Like John Watson (Letters, December 10), I am saddened if not surprised to read of the devastation and oppression around the world. Most of this can be attributed to the policies pursued by western governments, the US and UK in particular.
Jacques Diouf, director-general of the UN Food and Agriculture Organisation, has highlighted the fact that the world spent £820bn on weapons in 2006. I have a cutting from the Herald (April 13, 2006) in which the American journalist Ted Rudow III declared: "American economy, western economy, capitalist economy can thrive only on war." He went on to predict depression and economic collapse. This was more than two and a half years ago, and since then expenditure on warfare has steadily increased.It is estimated that, in the US, 50 cents in every dollar of tax goes to the military. Here, large amounts are spent not only on the wars in Iraq and Afghanistan but also on such military items as Trident and the aircraft carriers and other warships being built on the Clyde and elsewhere. Large sums are spent at Aldermaston, Porton Down and at other sites where weapons of mass destruction are made, and on research and development into more efficient ways of killing human beings. In all, how much of each pound of our tax goes to the military?

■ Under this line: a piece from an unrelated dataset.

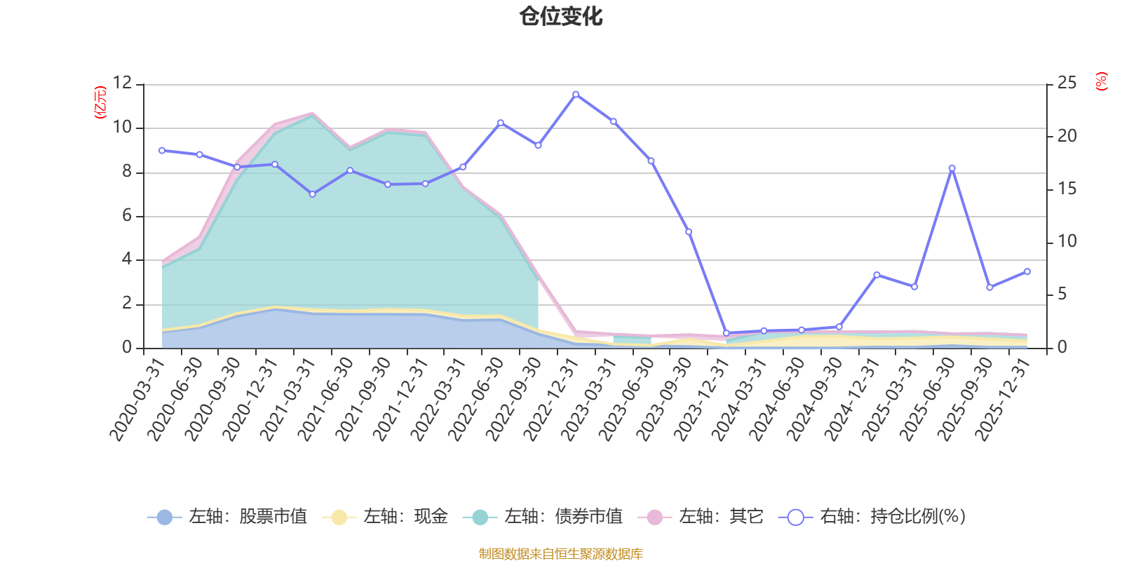 据定期报告数据统计,近三年平均股票仓位为8.32%,同类平均为19.2%。2022年末基金达到24.03%的最高仓位,2023年末最低,为1.43%。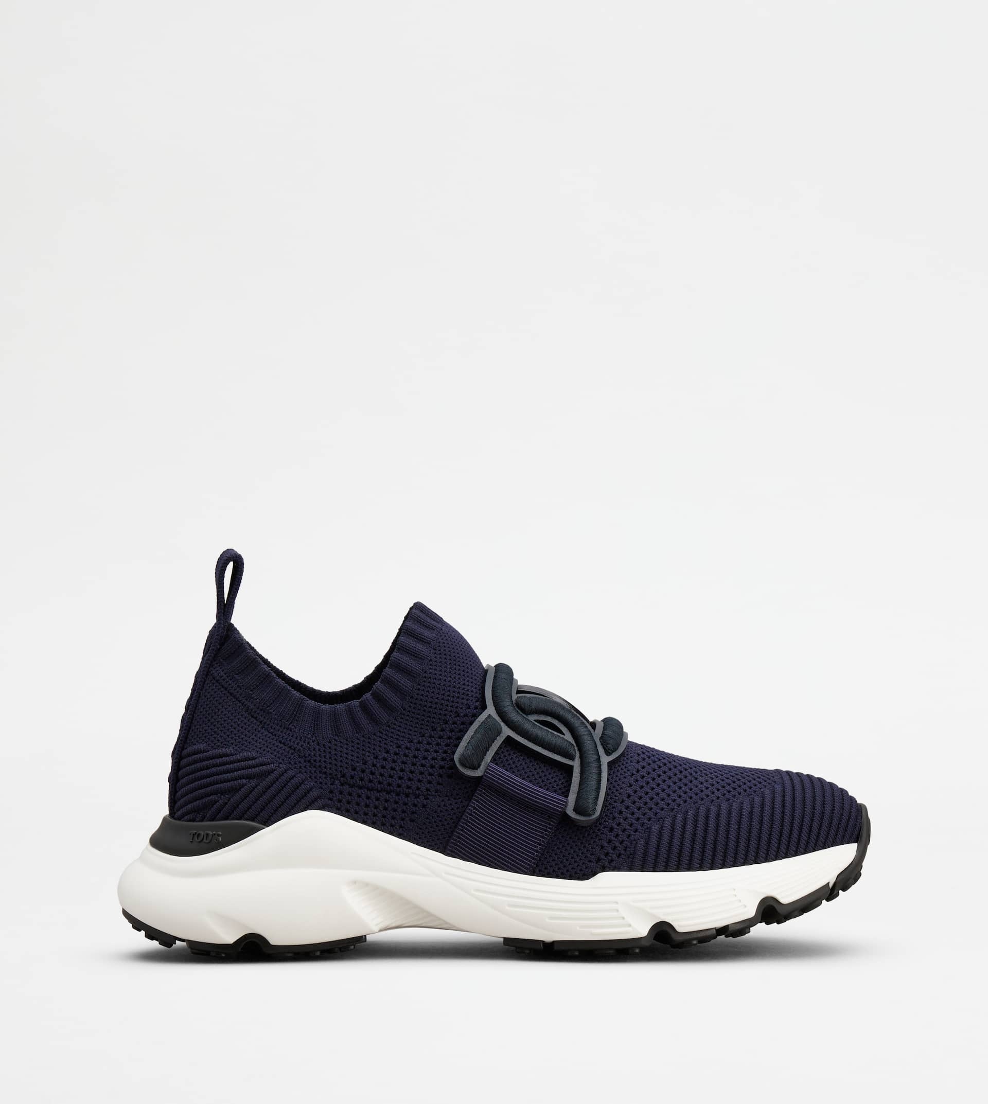 Sock sneakers in knit with jacquard Tod's logo on the back. Characterized by a running-inspired rubber chunky outsole, they come with the iconic leather chain accessory with embossed embroidery. - Made in Italy - Slip-on sneakers - Fabric upper - Leather chain accessory with embroidery - Jacquard logo on the back - Rubber outsole - Maintenance and care cards included - Branded dustbag

At this time of year, people are wishing for peace and good will. What an indictment of our government, our society and capitalism that such vast resources are squandered on warfare and preparations for continuing warfare. Jobs are vitally important, particularly at this time, but how sad it is that so many are dependent on the manufacture of weapons of war. It would make sense to send that industry's workers home on full pay. The armaments they produce may be technically brilliant but they do nothing to increase prosperity or enhance quality of life.
The civil manufacturing sector has been neglected and is crying out for investment, with more than one million jobs wiped out. Would that the "big items" were turbines or others to assist in the development of renewable energy, not weapons of war.
Ron Mackay, Milton of Campsie, East Dunbartonshire.